DATA TO USE:
== Segment start ==
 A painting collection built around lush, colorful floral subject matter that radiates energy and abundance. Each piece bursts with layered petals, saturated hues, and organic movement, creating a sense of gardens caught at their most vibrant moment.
== Segment end ==
== Segment start ==
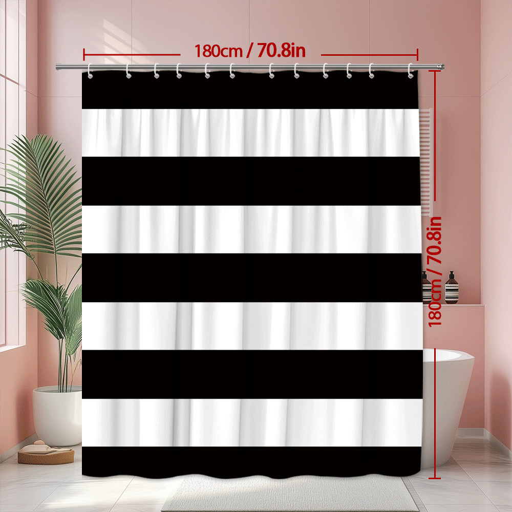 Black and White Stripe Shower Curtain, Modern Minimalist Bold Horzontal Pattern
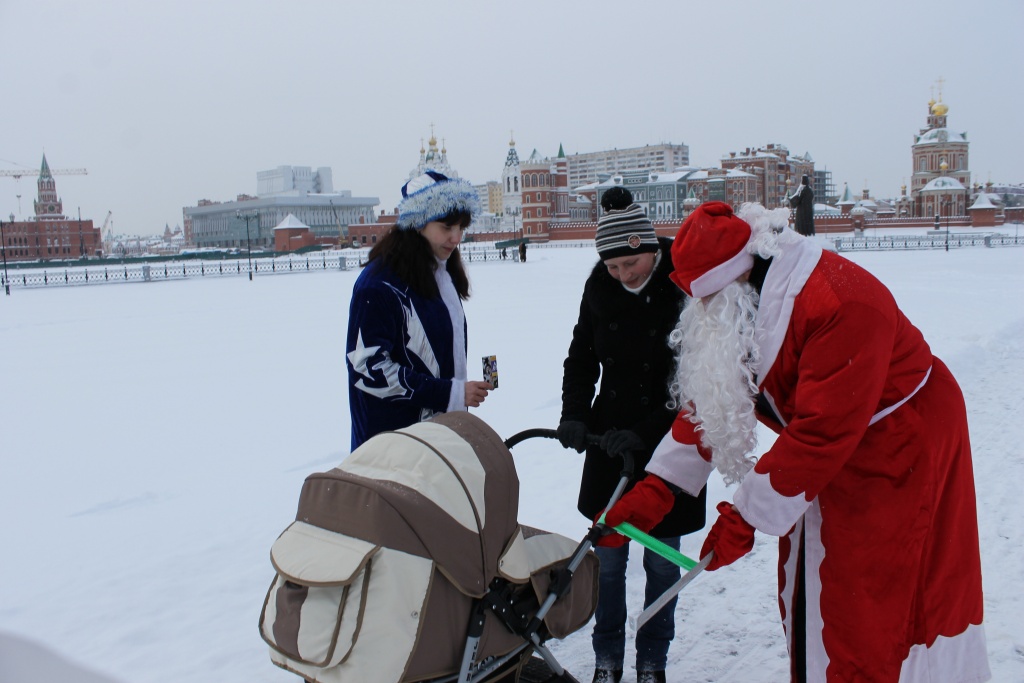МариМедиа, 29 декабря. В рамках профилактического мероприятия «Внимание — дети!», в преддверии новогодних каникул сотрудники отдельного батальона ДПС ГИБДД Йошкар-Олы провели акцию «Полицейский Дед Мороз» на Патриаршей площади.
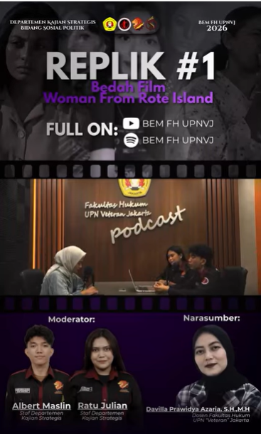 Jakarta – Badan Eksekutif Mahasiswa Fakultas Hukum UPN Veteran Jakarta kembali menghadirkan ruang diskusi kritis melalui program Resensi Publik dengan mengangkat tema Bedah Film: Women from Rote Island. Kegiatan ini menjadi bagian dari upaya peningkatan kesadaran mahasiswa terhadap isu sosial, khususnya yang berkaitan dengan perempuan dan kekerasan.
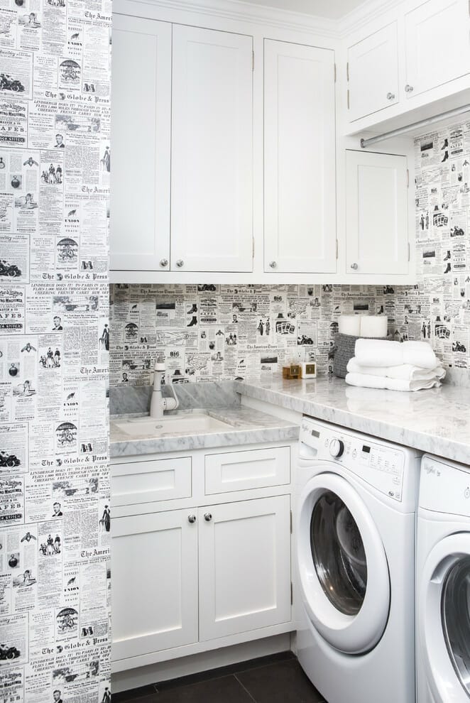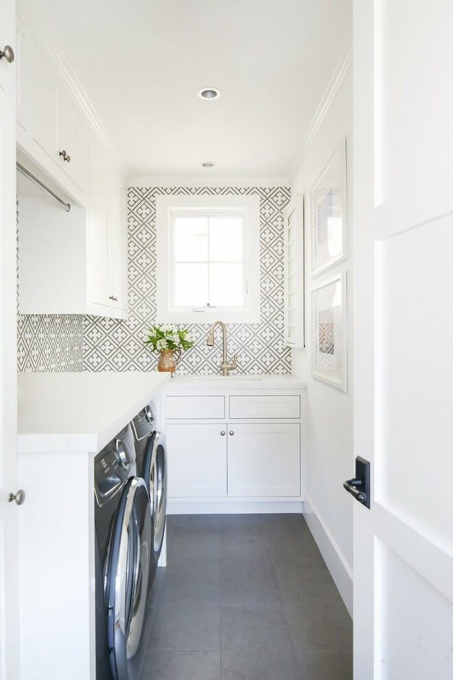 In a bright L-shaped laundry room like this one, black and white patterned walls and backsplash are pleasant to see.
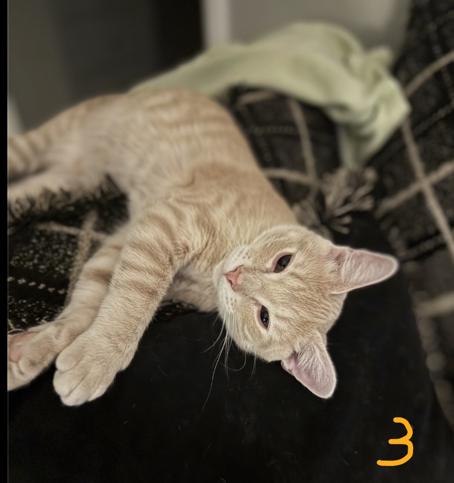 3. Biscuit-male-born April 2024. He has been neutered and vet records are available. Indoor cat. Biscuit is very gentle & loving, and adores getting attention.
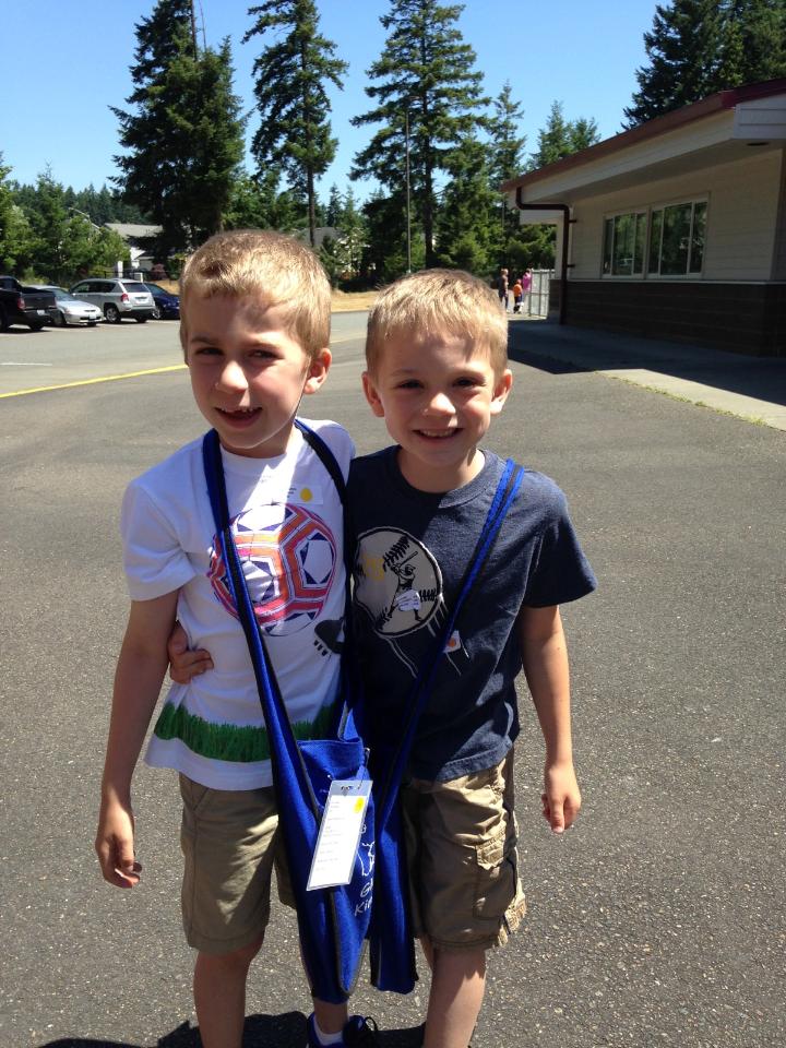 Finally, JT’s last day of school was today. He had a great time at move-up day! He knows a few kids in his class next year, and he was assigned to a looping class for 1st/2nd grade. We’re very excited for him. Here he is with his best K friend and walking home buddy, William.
== Segment end ==
TASK OBJECTIVE:
Using the records above, print exactly the run of lines that starts with the line with "Black and White Stripe" and goes on through the line with "Jakarta – Badan", pictures excluded.

RESPONSE TO THIS EXERCISE:
 Black and White Stripe Shower Curtain, Modern Minimalist Bold Horzontal Pattern
МариМедиа, 29 декабря. В рамках профилактического мероприятия «Внимание — дети!», в преддверии новогодних каникул сотрудники отдельного батальона ДПС ГИБДД Йошкар-Олы провели акцию «Полицейский Дед Мороз» на Патриаршей площади.
 Jakarta – Badan Eksekutif Mahasiswa Fakultas Hukum UPN Veteran Jakarta kembali menghadirkan ruang diskusi kritis melalui program Resensi Publik dengan mengangkat tema Bedah Film: Women from Rote Island. Kegiatan ini menjadi bagian dari upaya peningkatan kesadaran mahasiswa terhadap isu sosial, khususnya yang berkaitan dengan perempuan dan kekerasan.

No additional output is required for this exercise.